Котята Ричард Лаймон


        Ричард Лаймон. Котята

        KITTY LITTER BY RICHARD LAYMON, 1992


        — Она пришла за котенком.
        Меня передернуло от отвращения, не успела она даже сказать второе слово; сердце быстро и гулко застучало.
        Я думал, что я один, как видите. Я растянулся на шезлонге у бассейна на заднем дворе, окруженном сосновым штакетником, наслаждаясь новой книжкой о 87 полицейском участке и солнечным светом с теплым бризом.
        Вторжение застало меня врасплох.
        Оправившись от потрясения, я повернулся и увидел девочку.
        Она уже вошла и уверенно шагала ко мне.
        Я знал кто это.
        Моника с окраины квартала.
        Хотя мы и не были знакомы, я часто видел Монику. И слышал. У неё был громкий, гнусавый голос, которым она обычно использовала, чтобы огрызаться своей бедной матери и кричать на друзей.
        Я знал как её зовут — её имя часто можно было услышать на улице.
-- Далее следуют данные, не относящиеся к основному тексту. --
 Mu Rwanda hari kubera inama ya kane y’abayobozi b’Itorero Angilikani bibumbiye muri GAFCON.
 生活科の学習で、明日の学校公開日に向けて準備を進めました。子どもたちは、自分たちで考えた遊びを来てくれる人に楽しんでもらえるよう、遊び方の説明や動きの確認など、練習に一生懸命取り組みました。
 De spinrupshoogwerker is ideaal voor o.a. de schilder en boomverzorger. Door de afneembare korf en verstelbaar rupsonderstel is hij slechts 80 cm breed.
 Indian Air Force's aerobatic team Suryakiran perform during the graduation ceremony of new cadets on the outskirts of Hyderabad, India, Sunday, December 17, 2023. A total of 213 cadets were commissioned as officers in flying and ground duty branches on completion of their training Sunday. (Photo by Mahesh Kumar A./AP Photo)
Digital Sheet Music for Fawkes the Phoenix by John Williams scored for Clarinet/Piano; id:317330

А также — потому, что она сама им пользовалась. Моника принадлежала к клану чудаков, говорящих о себе в третьем лице.
        Ей было лет десять, по-моему.
        Если бы я не имел несчастье наблюдать за её поведением раньше, я бы, несомненно, был поражен красотой стоящей передо мной девочки. У неё были густые каштановые волосы, горящие глаза, идеальные черты лица, безупречная фигура и стройное тело. Однако мне она не казалась красавицей.
        Не казалась она и просто хорошенькой, пусть и была восхитительно одета: розовая кепка, с небрежно задранным вверх козырьком, джинсовый сарафан, белая блузка, белые чулки и розовые кроссовки под цвет кепки.
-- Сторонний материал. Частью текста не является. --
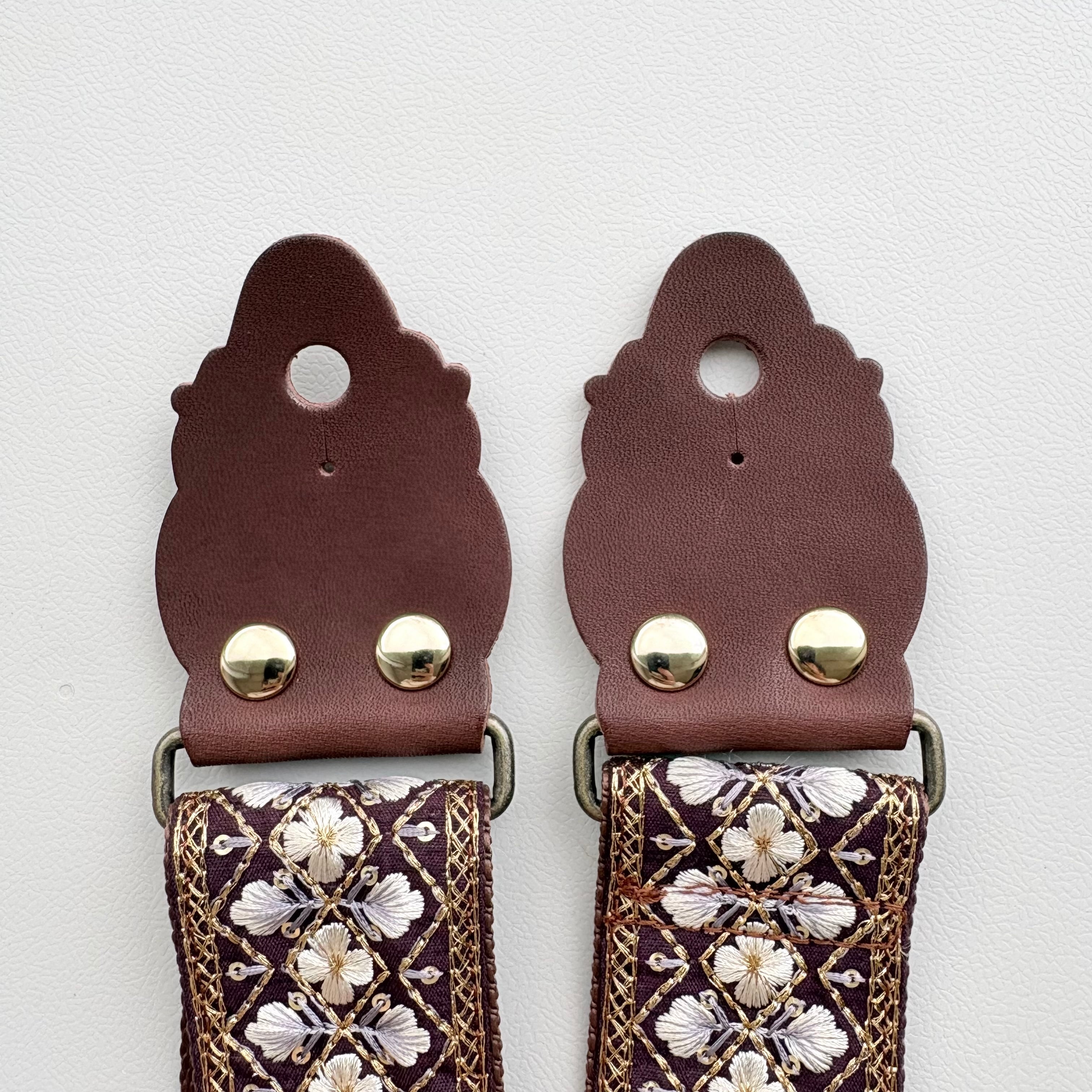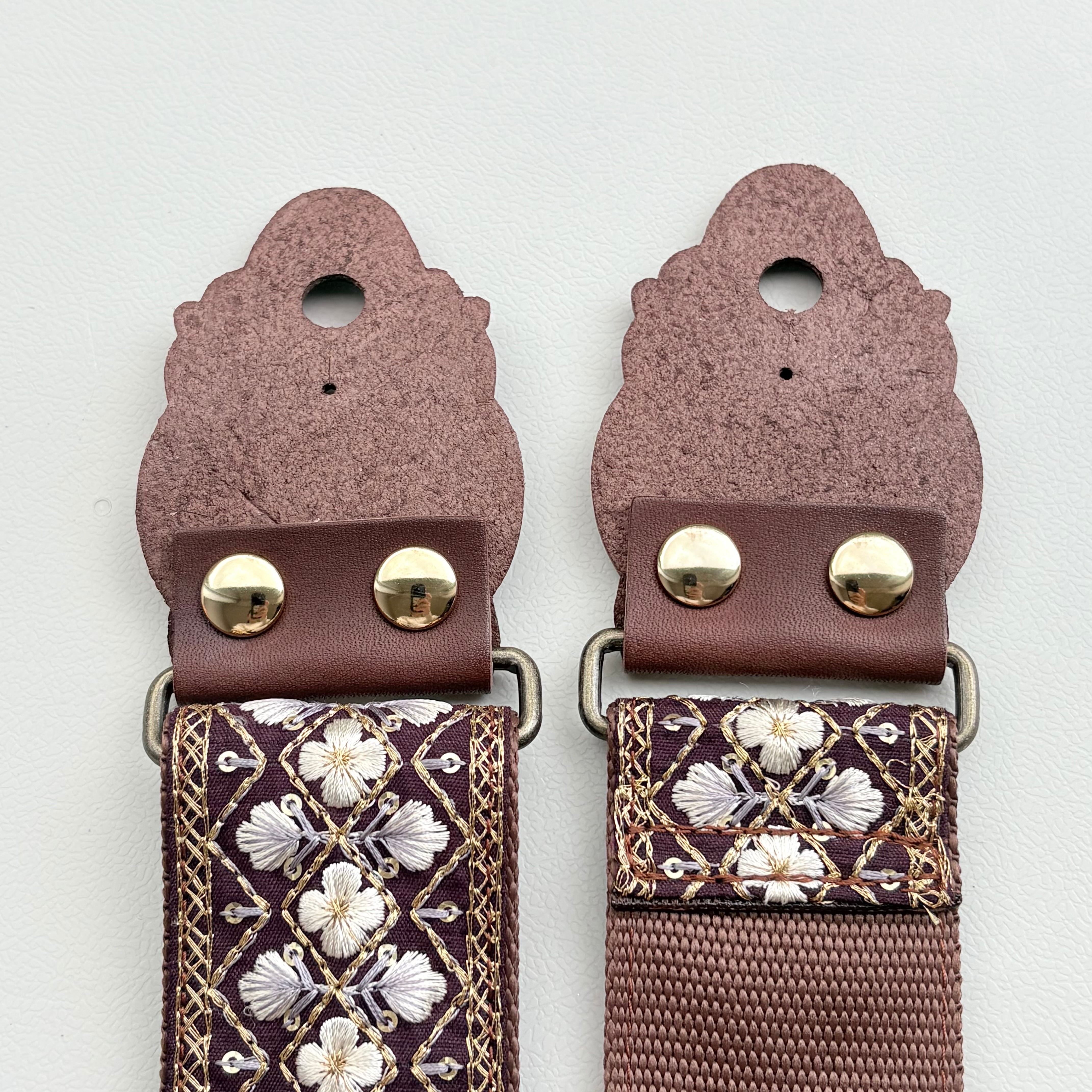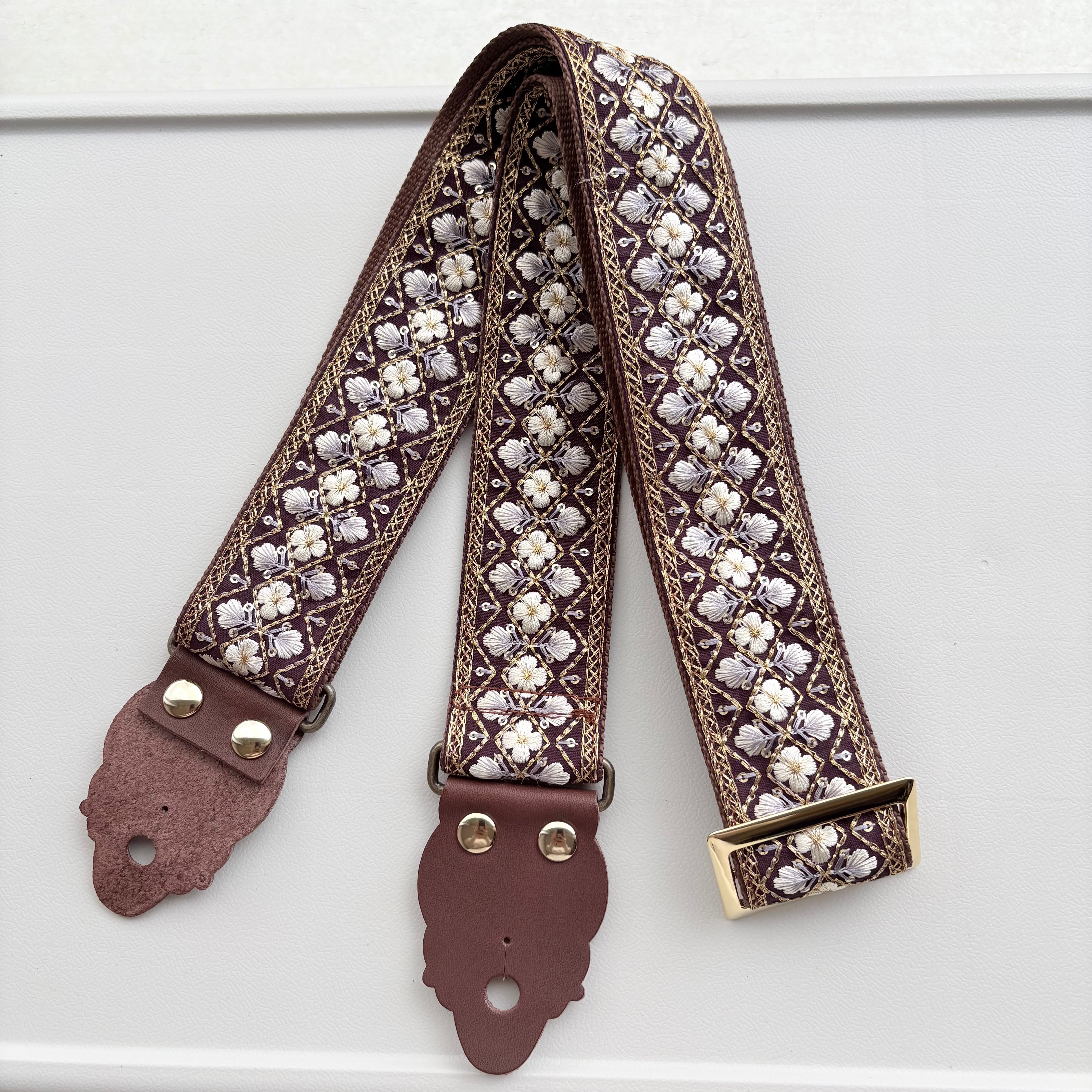紫色の生地にゴールドの刺繍糸と白のお花の美しさが際立つデザインです。インド刺繍リボンの繊細な刺繍が施されているからこそ、上品な仕上がりになりました。落ち着いた色なので、どんな色のギターにも合わせやすいでしょう。

        Она не была ни красавицей, ни просто хорошенькой, потому что она была Моникой.
        Как по мне, не бывает красивых или хорошеньких соплей.
        Она остановилась в ногах шезлонга и нахмурилась. Осмотрела меня с головы до ног.
        Мой купальный костюм совсем не был рассчитан для публичных выступлений. Я быстро прикрылся раскрытой книгой.
        — Это вы мистер Бишоп?  — спросила она.
        — Да, я.
        — Человек с котятами?
        Я кивнул.
        Она кивнула в ответ и подпрыгнула на цыпочках.
        — И вы раздаете их бесплатно?
        — Да, надеюсь найти для них хороших хозяев.
        — Значит, Моника возьмет одного.
        — А кто это Моника?  — спросил я, хотя и совершенно точно знал ответ.
        Она ткнула большим пальцем в грудь, точно между бретельками платья.
        — Ты Моника?  — спросил я.
        — Ну да.
        — Хочешь котенка?
        — Где они?
        Несмотря на мою неприязнь к этому ребенку, я хотел раздать котят. Я подал объявление в газету и расклеил на нескольких деревьях поблизости, но без особого успеха. Из четырех котят выводка трое до сих пор жили у меня.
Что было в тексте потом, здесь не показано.